Behind the scenes Mohammed was charging desperate people a small fortune – £12,000 per person – to bring them from the Continent.
He worked with Birmingham man Billy Hems, a light aircraft pilot, to drop migrants at remote UK airfields on under-the-radar dawn flights and sneak them into the country in secret ‘hides’ on board vans.
However, officers from the West Midlands Regional Organised Crime Unit (ROCU) worked with the regional Home Office Immigration Criminal & Financial Investigation team to gather vital intelligence and evidence which led to their downfall.
Mohammed, aged 32, was arrested from his Symonds Yat home on 17 October 2019 at the same time seven Kurdish migrants, including a child, were being transported under his remote orders to Ghent in Belgium.
They thought it was the start of a journey that would see them cross The Channel – but instead police were lying in wait to intercept the van after ROCU and immigration enforcement worked with the Belgian authorities to lay a trap.
Enquiries revealed Mohammed was working with Hems as part of a widespread smuggling conspiracy.
In September 2018 a VW van (pictured) owned by the 24-year-old was stopped by French Police in Dunkirk with three migrants on board.
The driver and passenger, both British nationals, were later jailed in France and a phone found in the van was linked to the car wash run by Mohammed.
And it was discovered Hems, from Rye Croft in Hollywood, regularly flew between the UK and Amiens, France, in 2018 on suspected smuggling trips to countryside air fields.
Flight data showed he landed at Church Farm airfield near Banbury on 8 September before taking off again for Birmingham Airport. Phone enquiries showed Mohammed had been near the A40 landing strip at the time.
Hems was arrested at his home on 18 October 2019.

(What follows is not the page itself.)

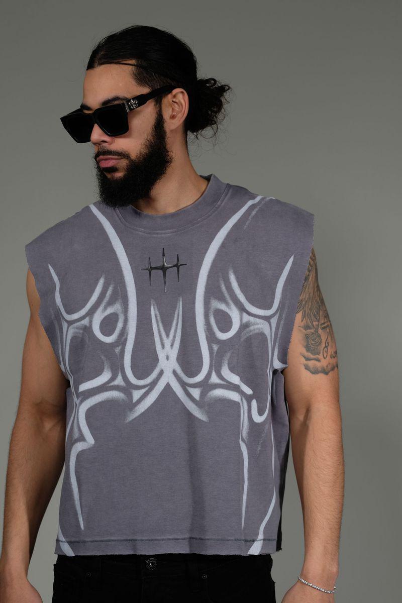 Washed Effect Heavyweight Textured Tank Top, Over-sized Screen Prints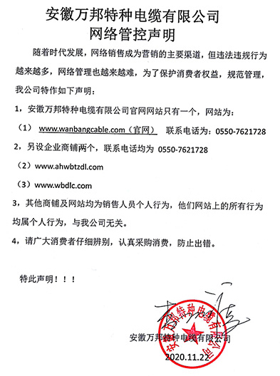 鄭重聲明:安徽萬邦特種電纜有限公司官方網站為:www_wanbangcable_com.flzpc.com,除此之外無任何子網站或合作網站,其余均為假冒偽劣。電話:0550-7621728 13485756353 地 址:安徽省天長市滁州高新技術產業開發區經四路29號

Three migrants were also recovered from a purpose-built hide in a van, part-owned by Mohammed, which was stopped by UK Border Force in France on 12 April 2019.
The driver – convicted and jailed in France – had been in phone contact with Mohammed during the journey.
Mohammed and Hems both admitted conspiracy to assist unlawful immigration, with Mohammed also admitting drugs supply, and at Worcester Crown Court today (5 Nov) they were jailed for seven and a half years, and two and a half years respectively.
Detective Inspector Julie Woods from West Midlands ROCU said: “This was a great piece of joint working between ourselves, immigration and the Belgian Police to bring down an established people smuggling gang.
“Mohammed and Hems were making big money on the plight and desperation of migrants while we also believe some were being put to work as cheap labour at Mohammed’s hand car wash.”
Minister for Justice and Tackling Illegal Migration, Tom Pursglove, said: “Both of these individuals showed a blatant disregard for the laws of the UK, for which they have all now rightly paid the price.
“We are determined to clamp down on despicable people smugglers that put profit before lives by organising dangerous and unnecessary journeys.
“This is why we are bringing legislation forward through the New Plan for Immigration to dismantle these people smuggling networks and save lives.”